Jarius Holmes

Personal information
- Full name: Jarius Holmes
- Date of birth: March 26, 1986 (age 38)
- Place of birth: Japan
- Height: 5 ft 8 in (1.73 m)
- Position(s): Midfielder

Team information
- Current team: St. Louis Lions
- Number: 12

Youth career
- 2006–2007: McKendree Bearcats
- 2008: Southwestern Illinois Blue Storm

Senior career*
- Years: Team / Apps / (Gls)
- 2007–2008: St. Louis Lions / 30 / (8)
- 2009: Austin Aztex / 14 / (1)
- 2010–: St. Louis Lions / 14 / (3)

= Jarius Holmes =

American soccer player

Jarius Holmes (born March 26, 1986, in Japan) is an American soccer player, currently playing for St. Louis Lions in the USL Premier Development League.

==Career==

===Youth and amateur===
Holmes grew up in Shiloh, Illinois, attended O'Fallon Township High School, and played college soccer at McKendree University and at Southwestern Illinois College. While at McKendree, he was two-time All-Conference selection and was named American Midwest Conference Newcomer of the Year in 2006. He was the first McKendree University player to sign a professional outdoor soccer contract.

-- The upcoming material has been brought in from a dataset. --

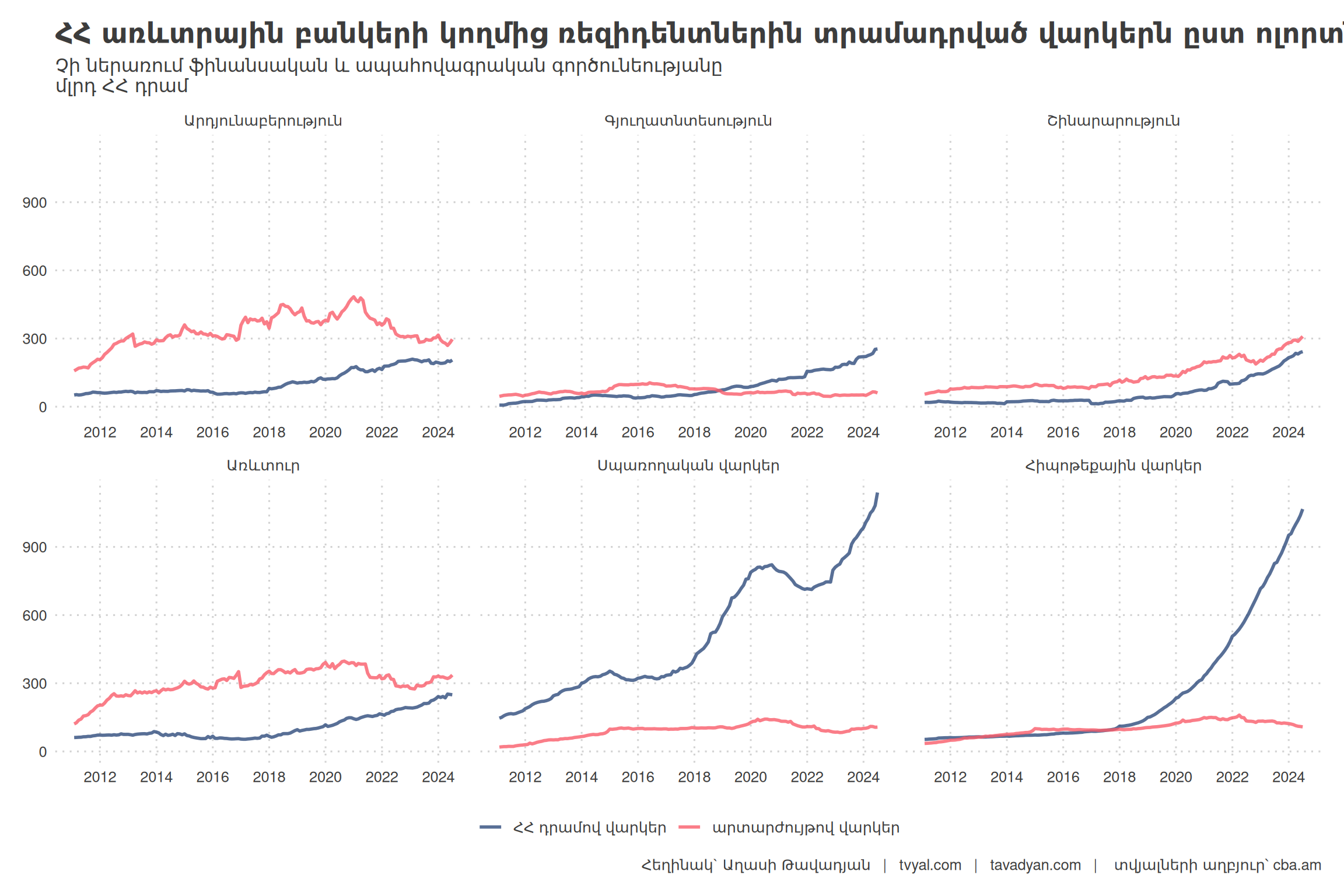 Առևտրի ոլորտին արտարժույթով տրամադրվող վարկերը նույնպես ունեն անկման միտում, սակայն սա կոմպենսացվում է դրամով տրամադրվող վարկերով, որը դրական է։ Գյուղատնտեսության վարակավորումը, ինչպես առևտրի ոլորտը, նույնպես ունի որոշակի դրական միտում, այստեղ արտարժույթով վարկերը նվազել են, իսկ ՀՀ դրամով վարկավորումը բավականին աճ է արձանագրել։ Գյուղատնտեսության ոլորտին դրամով տրամադրված վարկերը 2022 թվականից գրեթե կրկնապատկվել են։ Շինարարության վարկավորումը և՛ դրամով, և՛ արտարժույթով աճում է, որը նույնպես ցույց է տալիս որոշակի դրական միտում։ 2020 թվականից այս ոլորտին դրամով տրամադրված վարկերը աճել են ավելի քան 3 անգամ, իսկ արտարժույթով՝ 1.5 անգամ։
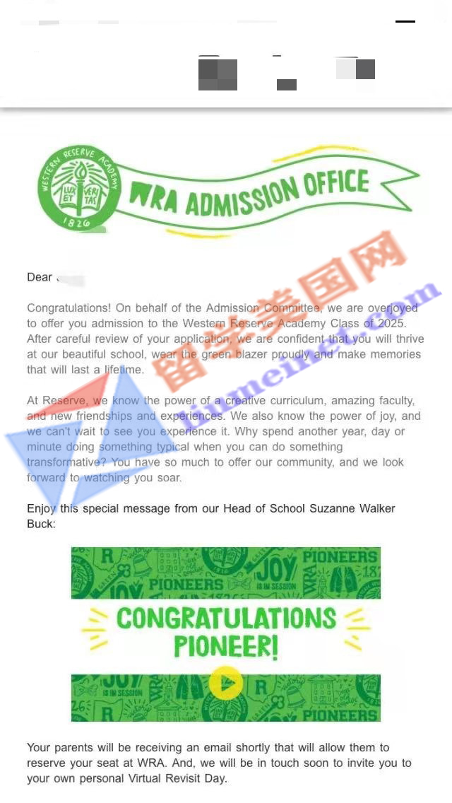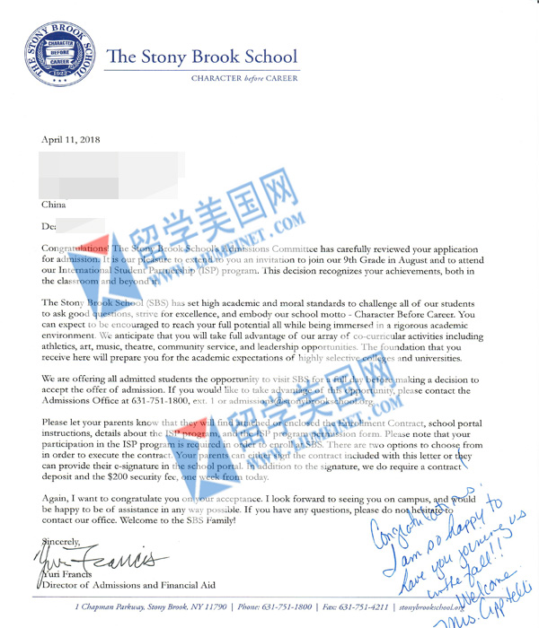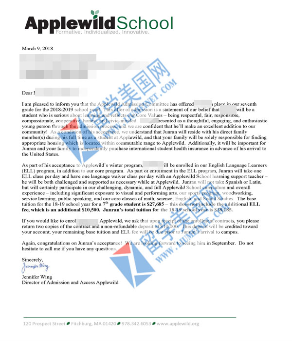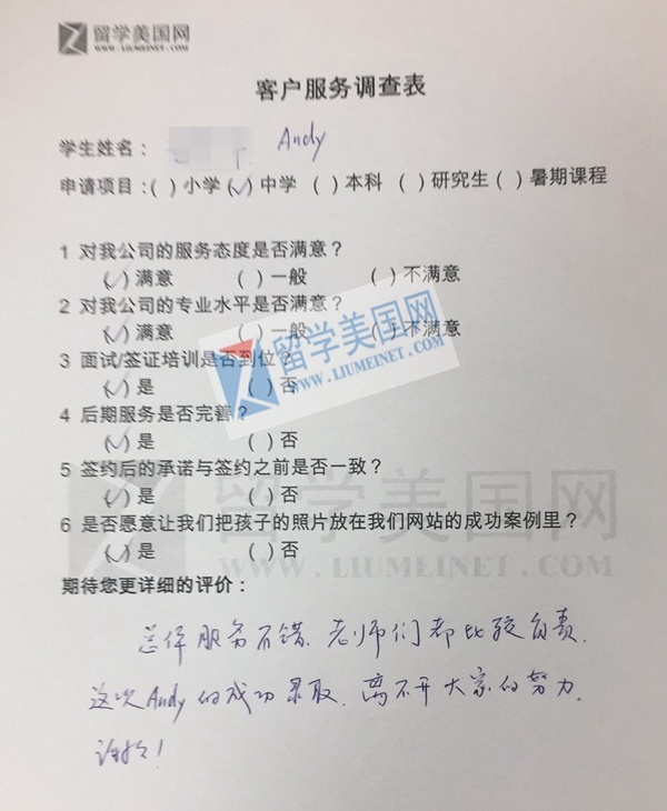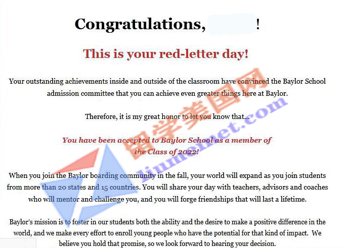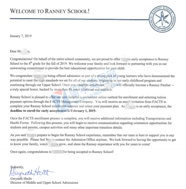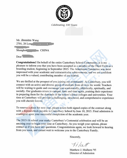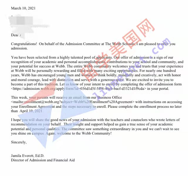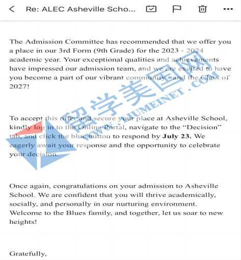 美高寄宿初中补录成功案例展示:

During his college years, Holmes also played with the St. Louis Lions in the USL Premier Development League, and with local St. Louis amateur club, Fortels (FSC).

===Professional===
Holmes joined the USL First Division expansion franchise Austin Aztex in 2009. He made his professional debut on April 18, 2009, in Austin's USL1 season opener against Minnesota Thunder.

He was released by the Aztex at the end of the 2009 season., and re-signed for the St. Louis Lions in 2010.